Extracting things directly

As well as using the interactive explore mode, it is also possible to directly extract something from the vault, given a path. Given the sample vault from the previous example, it would be possible to extract the README.txt file with the following command:
$ ugarit extract ugarit.conf /Test/current/contents/README.txt

Forking tags

As mentioned above, you can fork a tag, creating two tags that refer to the same snapshot and its history but that can then have their own subsequent history of snapshots applied to each independently, with the following command:
$ ugarit fork   

Merging tags

And you can also merge two or more tags into one. It's possible to merge a bunch of tags to make an entirely new tag, or you can merge a tag into an existing tag, by having the "output" tag also be one of the "input" tags. The command to do this is:
$ ugarit merge   
For instance, to import your classical music collection into your main musical collection, you might do:
$ ugarit merge ugarit.conf my-music my-music classical-music
Or if you want to create a new all-music archive from the archives bobs-music and petes-music, you might do:
$ ugarit merge ugarit.conf all-music bobs-music petes-music

Archive operations

Importing

To import some files into an archive, you must create a manifest file listing them, and their metadata. The manifest can also list metadata for the import as a whole, perhaps naming the source of the files, or the reason for importing them. The metadata for a file (or an import) is a series of named properties. The value of a property can be any Scheme value, written in Scheme syntax (with strings double-quoted unless they are to be interpreted as symbols), but strings and numbers are the most useful types. You can use whatever names you like for properties in metadata, but there are some that the system applies automatically, and an informal standard of sorts, which is documented in [docs/archive-schema.wiki]. You can produce a manifest file by hand, or use the Ugarit Manifest Maker to produce one for you. You do this by installing it like so:
$ chicken-install ugarit-manifest-maker
And then running it, giving it any number of file and directory names on the command line. When given directories, it will recursively scan them to find all the files contained therein and put them in the manifest; it will not put directories in the manifest, although it is perfectly legal for you to do so when writing a manifest by hand. This is because the manifest maker can't do much useful analysis on a directory to suggest default metadata for them (so there isn't much point in using it), and it's far more useful for it to make it easy for you to import a large number of files individually by referencing the directory containing them. The manifest is sent to standard output, so you need to redirect it to a file, like so:
$ ugarit-manifest-maker ~/music > music.manifest
You can specify command-line options, as well. -e PATTERN or --exclude=PATTERN introduces a glob pattern for files to exclude from the manifest, and -D KEY=VALUE or --define=KEY=VALUE provides a property to be added to every file in the manifest (as opposed to an import property, that is part of the metadata of the overall import). Note that VALUE must be double-quoted if it's a string, as per Scheme value syntax. One might use this like so:
$ ugarit-manifest-maker -e *.txt -D rating=5 ~/favourite-music > music.manifest
The manifest maker simplifies the writing of manifests for files, by listing the files in manifest format along with useful metadata extracted from the filename and the file itself. For supported file types (currently, MP3 and OGG music files), it will even look inside the file to extract metadata. The manifest file it generates will contain lots of comments mentioning things it couldn't automatically analyse (such as unknown OGG/ID3 tags, or unknown types of files); and for metadata properties it thinks might be relevant but can't automatically provide, it suggests them with an empty property declaration, commented out. The idea is that, after generating a manifest, you read it by hand in a text editor to attempt to improve it.

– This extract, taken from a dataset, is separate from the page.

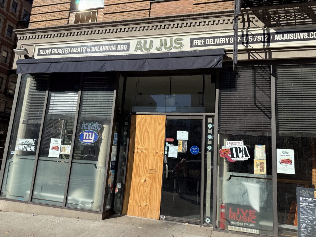 Au Jus, a barbecue restaurant at 2621 Broadway (at West 96th Street), appears to be closed. The company did not respond to West Side Rag’s outreach, but there is a marshal’s sign posted in the window, dated October 7th, 2025, saying the landlord has legal possession of the premises. The Au Jus website says their East Harlem location is temporarily closed for repairs, and the Upper West Side location is no longer listed. (Thanks to Jay for the tip.)
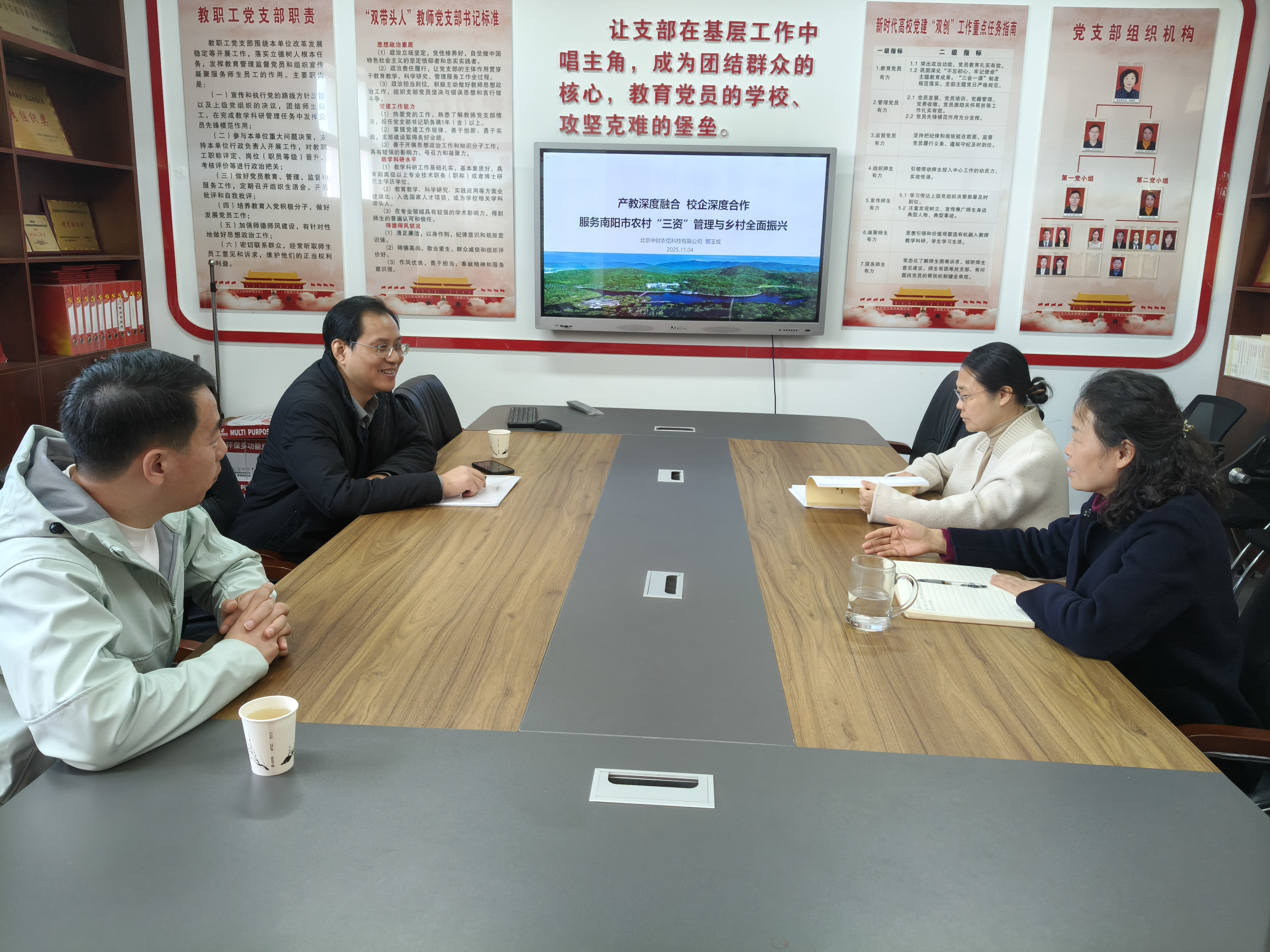 2025年11月4日,北京中财农信科技有限公司一行莅临我院,双方就学院专业群建设、服务国家乡村振兴战略等议题展开了深入且富有成效的交流。此次交流旨在挖掘学院发展潜力,推动学院专业群建设与南阳市区域经济的协同发展。

The format of a manifest file

Manifest files have a relatively simple format. The are based on Scheme s-expressions, so can contain comments. From any semicolon (not in a string or otherwise quoted) to the end of the line is a comment, and #; in front of something comments out that something. Import metadata properties are specified like so:
(KEY = VALUE)
...where, as usual, VALUE must be double-quoted if it's a string. Files to import, with their metadata, are specified like so:
(object "PATH OF FILE TO IMPORT"
  (KEY = VALUE)
  (KEY = VALUE)...
)
The closing parenthesis need not be on a line of its own, it's conventionally placed after the closing parenthesis of the final property. Ugarit, when importing the files in the manifest, will add the following properties if they are not already specified:
import-path
The path the file was imported from
dc:format
A guess at the file's MIME type, based on the extension
mtime
The file's modification time (as the number of seconds since the UNIX epoch)
ctime
The file's change time (as the number of seconds since the UNIX epoch)
filename
The name of the file, stripped of any directory components, and including the extension.
The following properties are placed in the import metadata, automatically:
hostname
The hostname the import was performed on.
manifest-path
The path to the manifest file used for the import.
mtime
The time (in seconds since the UNIX epoch) at which the import was committed.
stats
A Scheme alist of statistics about the import (number of files/blocks uploaded, etc).
So, to wrap that all up, here's a sample import manifest file: (notes = "A bunch of old CDs I've finally ripped") (object "/home/alaric/newrip/track01.mp3" (filename = "track01.mp3") (dc:format = "audio/mpeg") (dc:publisher = "Go! Beat Records") (dc:created = "1994") (dc:contributor = "Portishead") (dc:subject = "Trip-Hop") (superset:size = 1) (superset:index = 1) (set:title = "Dummy") (set:size = 11) (set:index = 1) (dc:creator = "Portishead") (dc:title = "Wandering Star") (mtime = 1428962299.0) (ctime = 1428962299.0) (file-size = 4703055)) ;;... and so on, for ten more MP3s on this CD, then several other CDs...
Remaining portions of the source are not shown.